The Rebirth of Sand Point: Slice Bar, New Dining Room & Expanded Hours

Some remodels consist of a few cosmetic upgrades and a load of promotion. Not our Sand Point remodel. After 20 years of brisk business, we decided a top-down overhaul was needed. Construction was equivalent to building out a new store—while it’s open for business! We were open every single day, which required a lot of coordination between the crew and the contractor. It also needed a flexible approach to business as usual. Customers coming for pickup were instructed to go to the back door. Quite a few predictable jokes about back-door dealing of illicit substances were made. Sand Point General Manager Robbie Pierce says, “Customers would wait by the back door, jostling with the mop bucket and the stream of delivery drivers coming and going.”

As of this August, after nearly six months of construction, the Sand Point store is open expanded hours and is busy serving pizza from its new slice bar in a much larger dining room. “It’s much more contemporary,” Robbie says. “I have customers coming in every day telling me how awesome this place looks.” And the back-door dealing is a thing of the past.
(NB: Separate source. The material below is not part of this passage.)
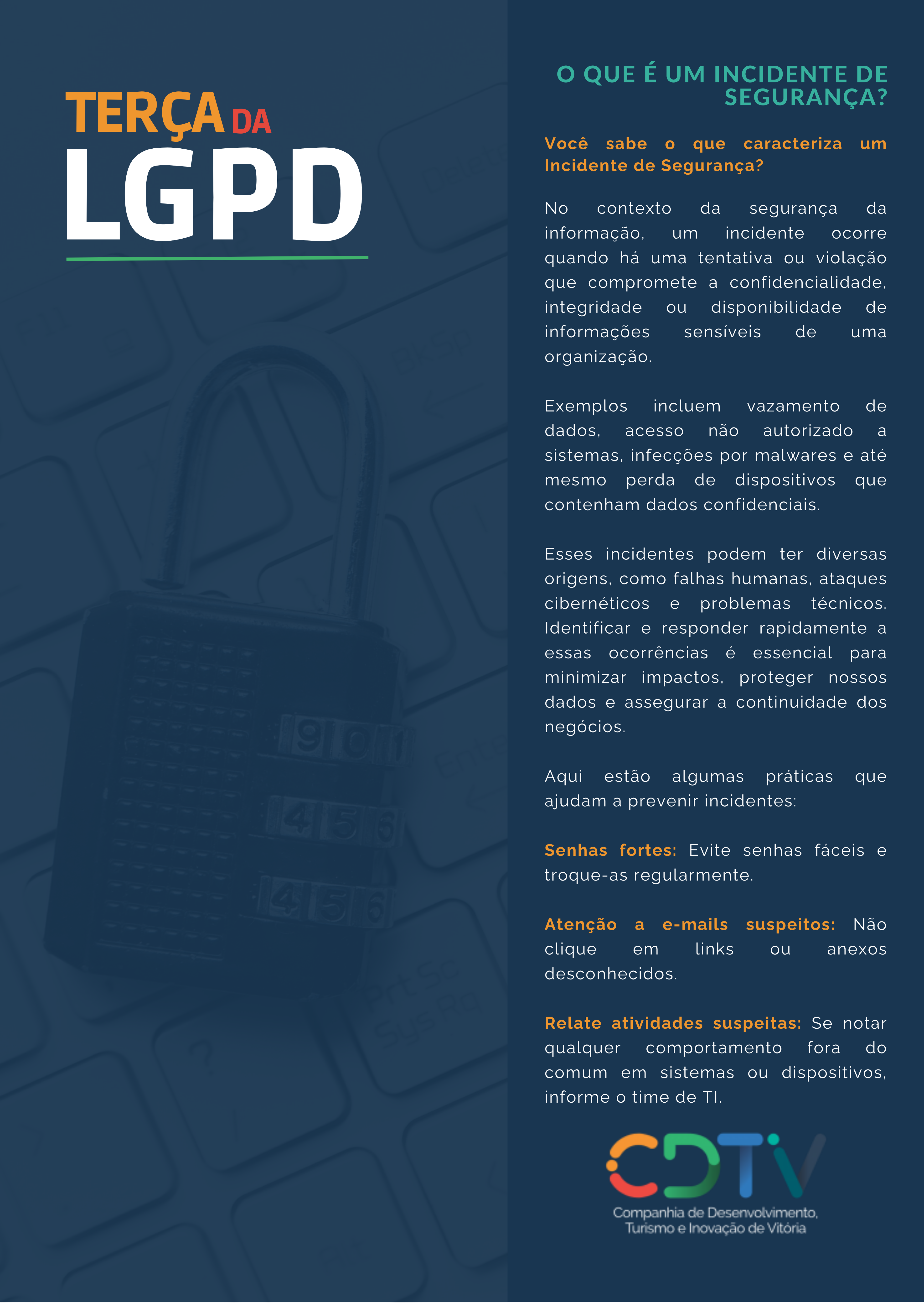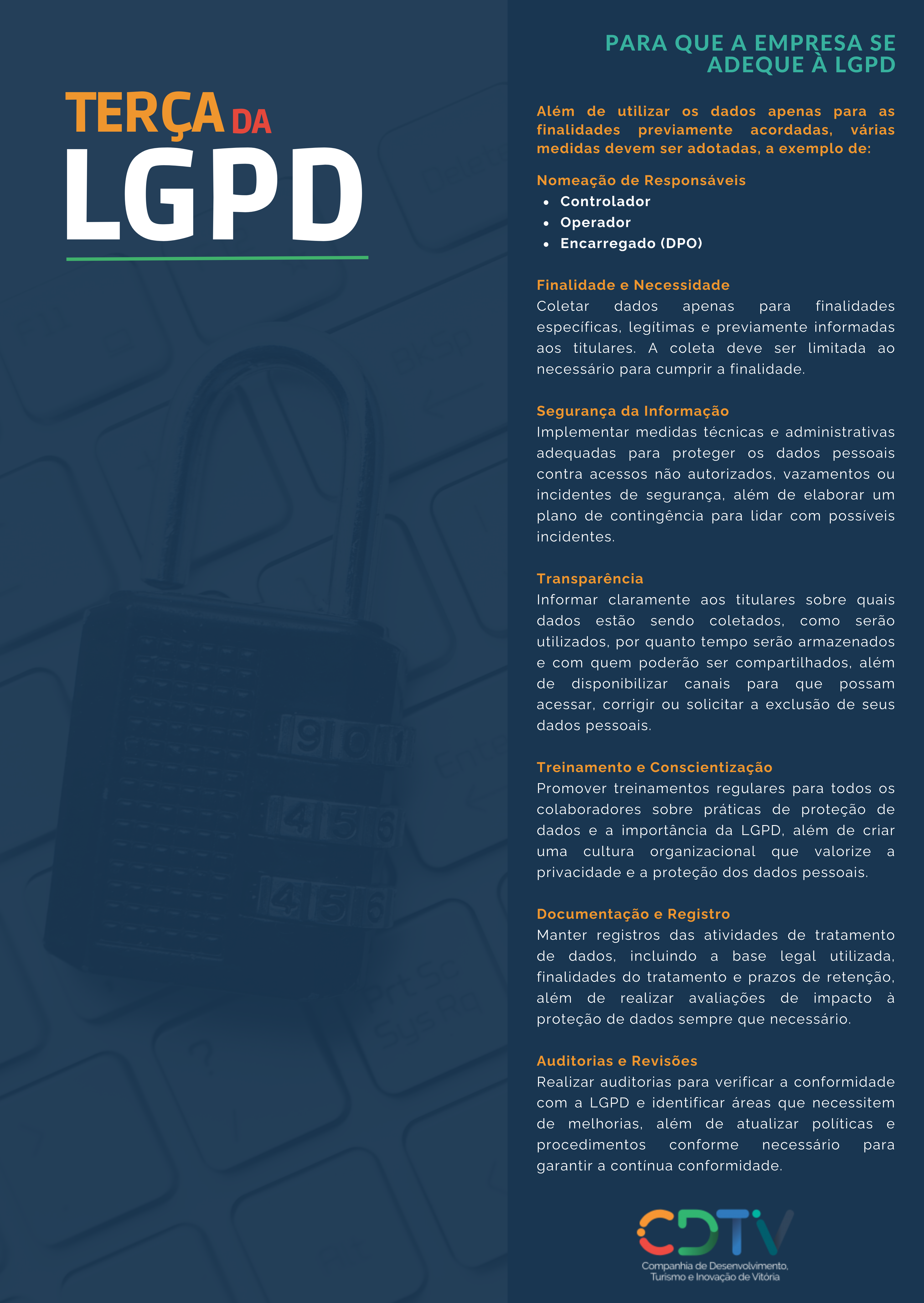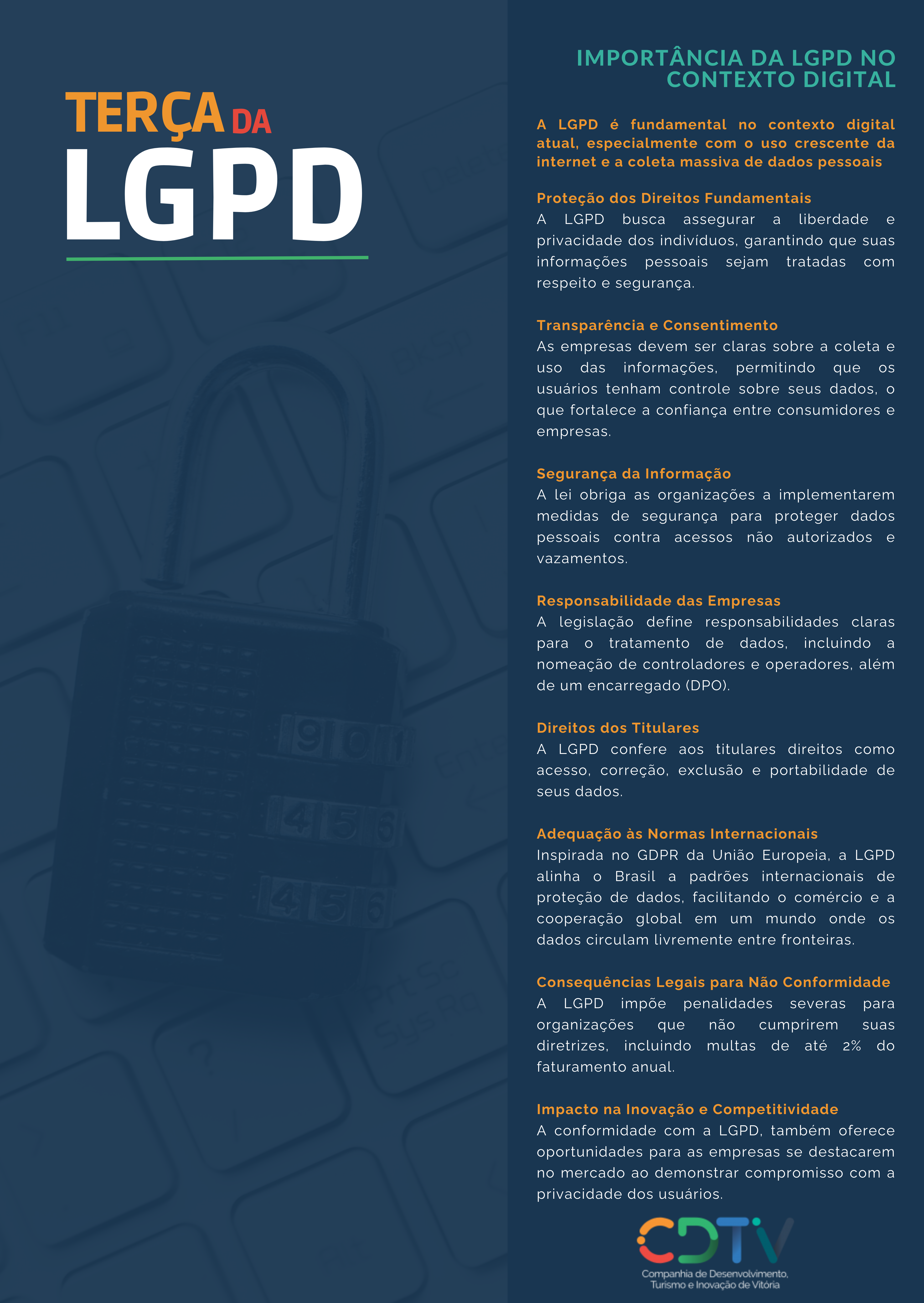 Como parte das iniciativas do programa, introduzimos a Terça da LGPD, uma ação semanal dedicada à disseminação de pílulas de conhecimento sobre a Lei Geral de Proteção de Dados. Toda terça-feira, serão compartilhados conteúdos concisos e práticos, abordando temas como:

Customers can now take a seat and order a beer on draft while they wait.

One of the improvements that customers might not notice right away is the efficiency improvements made to the kitchen. It’s a little like a car that not only got a new paint job, new tires and a whole new interior—but a new engine, to boot. Our revamped kitchen allows us to do everything we did before better and more quickly, shortening wait times during rushes.

Few not in the know would guess the essential ingredient that made the whole remodel possible—50,000 pounds of concrete. The biggest challenge we faced in improving the customer experience and workflow was a series of columns that support the multi-story apartment building above the store. Robbie says, “The space was filled with the world’s most unfortunately located pillars all around the store, including one right in the middle of the walk-in, which was fun.” Workers dug a six-foot trench and poured 25 tons of concrete to form an arch that supports the building. “It looks really cool and opened up the flow of the space,” Robbie says.

Dinners are predictably busy, and the new lunch business is picking up. “I had a line running out the door today,” Robbie says. “We’re seeing a great mix of people coming in for slices, and others are ordering a whole pie and eating in, others place orders for multiple pizzas and salads and take them back to the office. After the first day of school, a group of teachers came in and ordered about $300 of pizza and beer for the group. That was great.”